§ **DIRECTIONS**: All lines from the one containing "Xilografia su carta" through the last line of the listing below are to be copied exactly. Exclude the pictures.

§ **COLLECTED DATA**:
◇ ◇ ◇
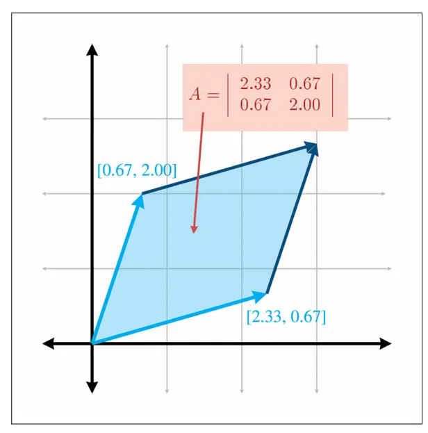 따라서 2차원 행렬의 행렬식은 변환된 기저 벡터가 형성하는 평행사변형의 **부호가 있는 면적(signed area)**입니다.
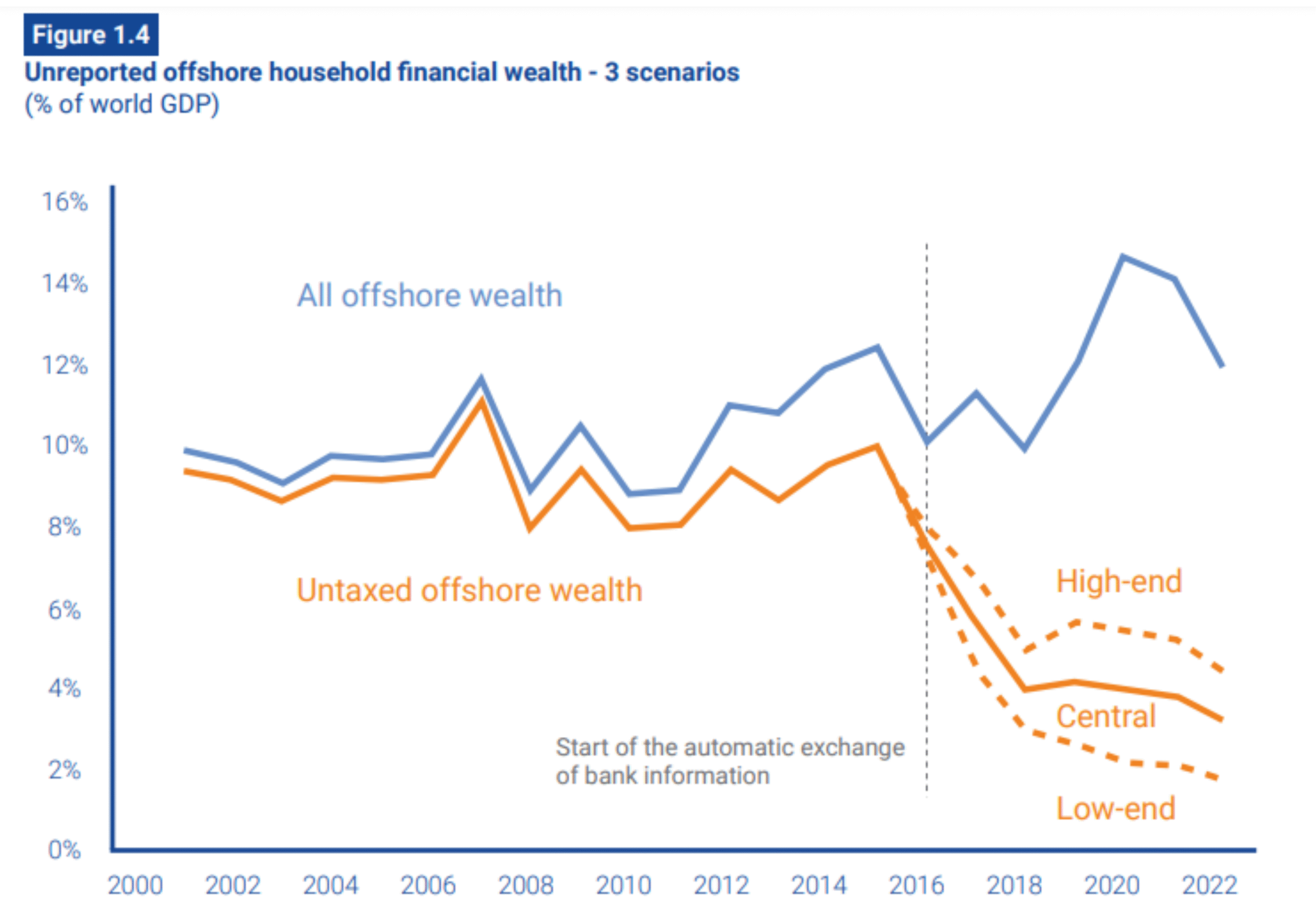 In 2022, according to the Global tax evasion report 2024 the financial wealth held by households abroad amounted to around $12,000 billion, equivalent to 12% of global GDP.
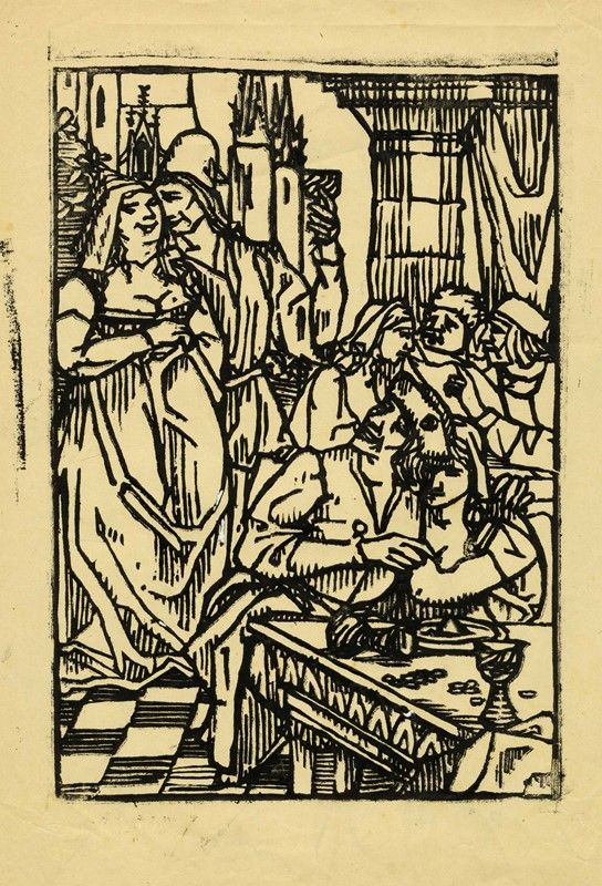 Xilografia su carta sottile. mm 165x108. SI AGGIUNGE: 2) Senza titolo. mm 283x196. Foglio: mm 353x240. Probabile prova di stampa, come testimoniano l'inchiostro al margine sinistro e tre piccoli fori in lastra che ricalcano il disegno. Provenienza: Atelier Bernard, del quale è riportato il timbro al verso.
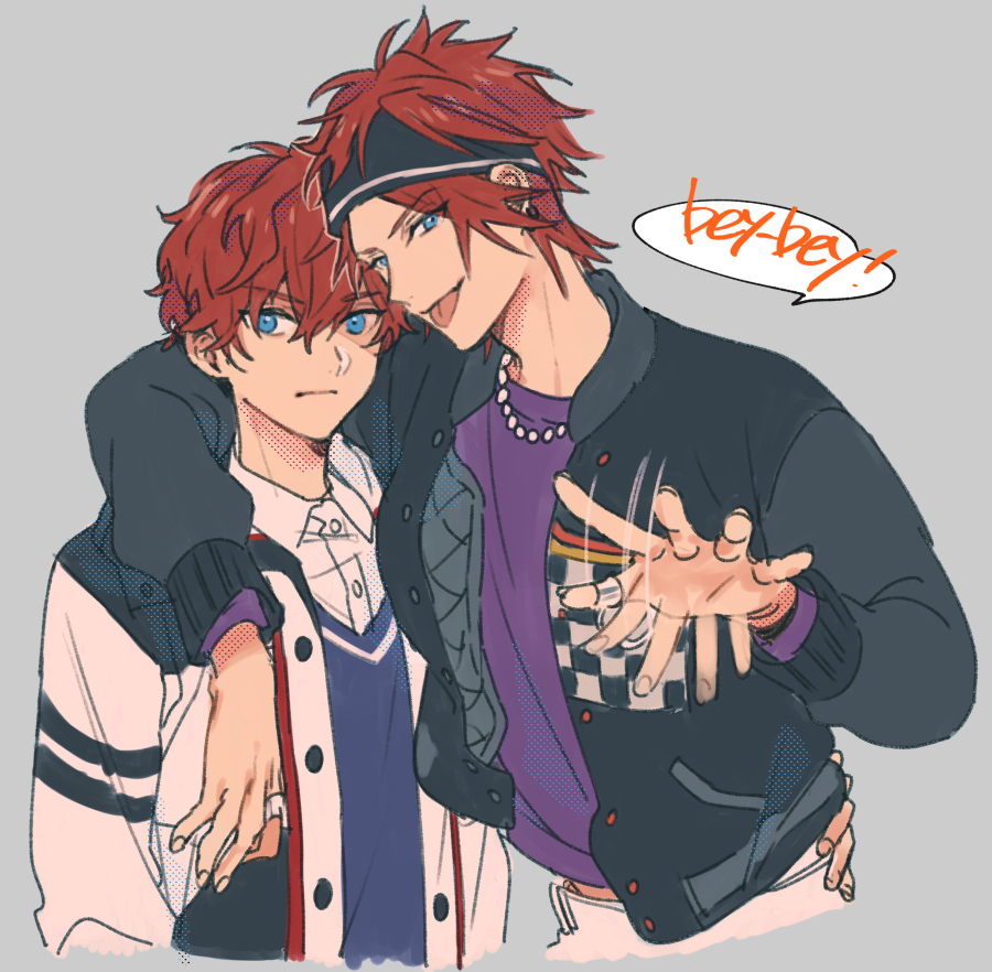 2boys :p amagi_hiiro amagi_rinne arm_around_shoulder black_headband black_jacket blue_eyes blue_shirt brothers closed_mouth collared_shirt cropped_torso earrings english_text ensemble_stars! grey_background hair_between_eyes headband hug jacket jewelry long_sleeves looking_at_viewer male_focus multiple_boys nakayama_miyuki necklace open_clothes open_jacket open_mouth pants piercing purple_shirt red_hair shirt short_hair siblings simple_background smile speech_bubble tongue tongue_out upper_body white_jacket white_shirt
◇ ◇ ◇
§ **EXERCISE OUTPUT**:
 Xilografia su carta sottile. mm 165x108. SI AGGIUNGE: 2) Senza titolo. mm 283x196. Foglio: mm 353x240. Probabile prova di stampa, come testimoniano l'inchiostro al margine sinistro e tre piccoli fori in lastra che ricalcano il disegno. Provenienza: Atelier Bernard, del quale è riportato il timbro al verso.
 2boys :p amagi_hiiro amagi_rinne arm_around_shoulder black_headband black_jacket blue_eyes blue_shirt brothers closed_mouth collared_shirt cropped_torso earrings english_text ensemble_stars! grey_background hair_between_eyes headband hug jacket jewelry long_sleeves looking_at_viewer male_focus multiple_boys nakayama_miyuki necklace open_clothes open_jacket open_mouth pants piercing purple_shirt red_hair shirt short_hair siblings simple_background smile speech_bubble tongue tongue_out upper_body white_jacket white_shirt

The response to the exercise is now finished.